Nelson Provincial Museum seeks $3m from TDC for planned new building
With the clock ticking on the life of the Isel Park Research Facility, Tasman Bays Heritage Trust is seeking funds to construct a new building adjacent to the Nelson Provincial Museum in central Nelson.
Trust chairwoman Olivia Hall and chief executive Lucinda Blackley-Jimson last week asked Tasman District councillors to match a $3 million commitment from Nelson City Council for the new building, a project the trust is calling the archives, research and collections (ARC) facility.
The $11.29m estimated cost of the ARC includes $820,000 for the 618 square metre Church St site, which the trust bought in 2019. It aims to construct the building in 2023-24.
Tasman Bays Heritage Trust is a council controlled organisation in which Tasman district and Nelson city councils have a 50:50 share. It is a charitable trust trading as Nelson Provincial Museum.

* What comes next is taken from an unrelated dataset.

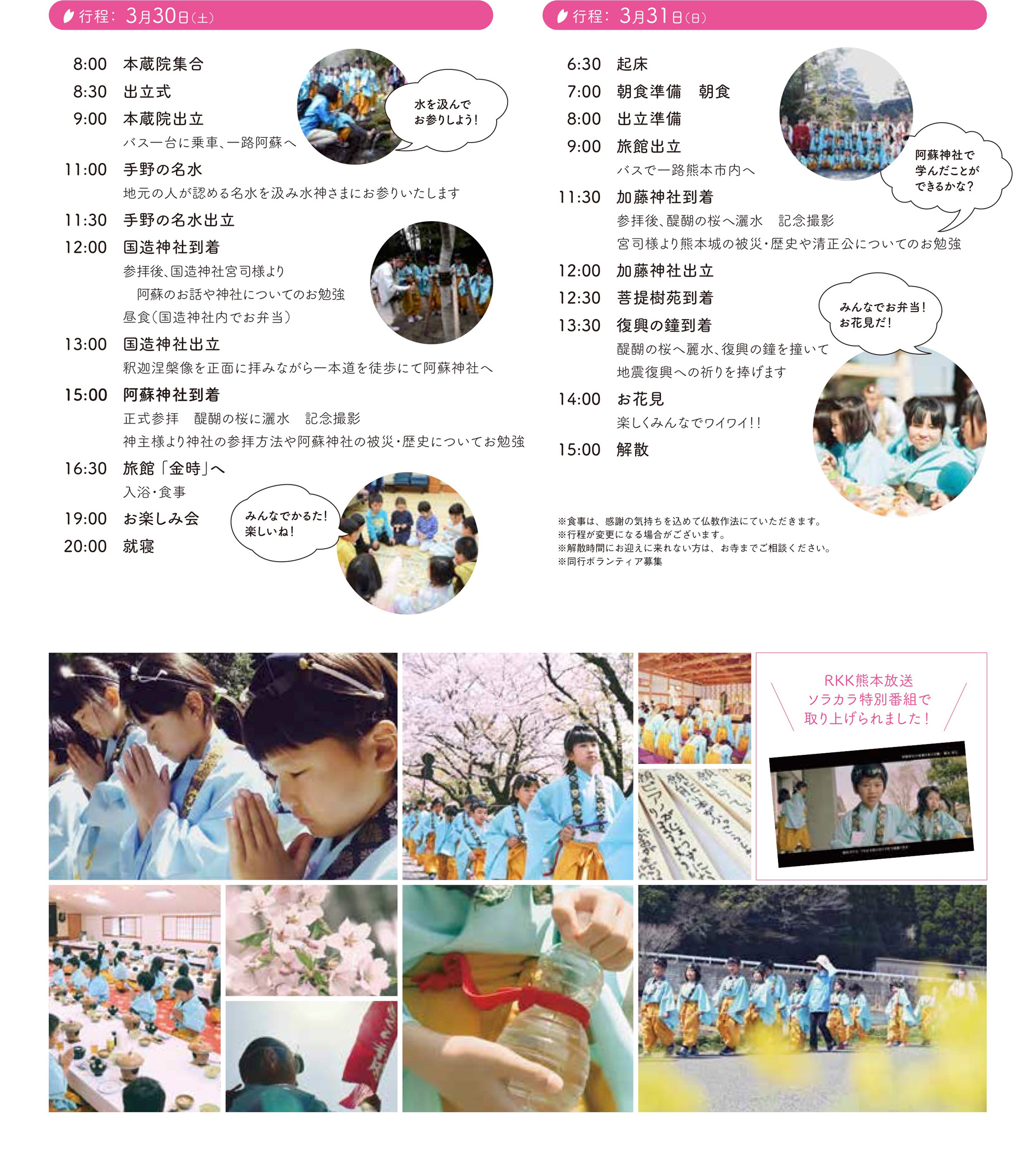- 参加中はフェイスブック上にて随時状況を動画や写真で配信いたします

Blackley-Jimson said the trust held the Nelson-Tasman regional collection, one of the most significant in the country, which included the UNESCO-inscribed Tyree Studio Collection. Valued at about $20m, the regional collection comprised about 200,000 objects, 1.2m photographs and 150,000 original, rare and one-off paper documents.
However, that collection was spread over three sites – the museum itself, on the corner of Trafalgar and Hardy streets, the Elms St Storage Facility and workshops, and the Isel Park Research Facility, which was opened in 1973.

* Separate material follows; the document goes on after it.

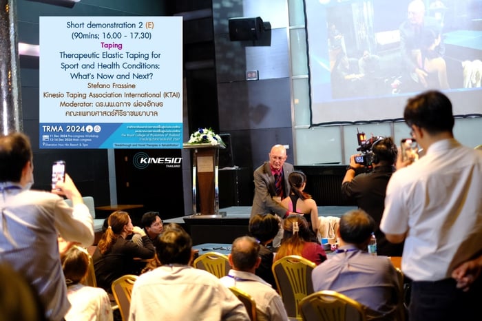 ในงานประชุมวิชาการ ปี 2567 ที่ โรงแรมเชอราตัน หัวหิน กับหัวข้อ Therapeutic Elastic Taping for Sport and Health Conditions: What’s Now and Next? โดย Dr. Stefano Frassine ได้รับการตอบรับเป็นอย่างดี ในการบรรยายในวันนั้น โดยเป็นการบรรยาย และมีการสาธิตแนวคิด และวิธีการติดคิเนซิโอเทป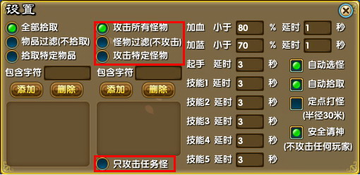 3、同时挂机时还可选择“只攻击任务怪”。这样玩家在挂机时可选择只打哪一种或者几种怪物,大大提高完成任务的效率。

Hall on Friday said problems with the Isel Park site had been long known. “It’s coming to the end of its useful life. There’s an urgency.”
Blackley-Jimson said the building had an estimated remaining life of five years although that life expectancy was less for some components including the plumbing and data cabling.
Hall told Tasman District councillors that potential funding sources included the Ministry for Culture and Heritage, larger funders such as the Rātā Foundation, community fundraising and the trust’s cash reserves, which it had already used to buy the Church St site. The trust also sought equal contributions from both councils.
“One of the issues for us is around the ability to go and get other external funding including central Government,” Hall said. “We need to have commitment from our local government entities first.”
In its Long Term Plan 2018-28, Nelson City Council made provision for $1.5m in 2020-21and $1.5m in 2021-22. Securing the same commitment from Tasman District Council in its LTP 2021-31 was "a key next step".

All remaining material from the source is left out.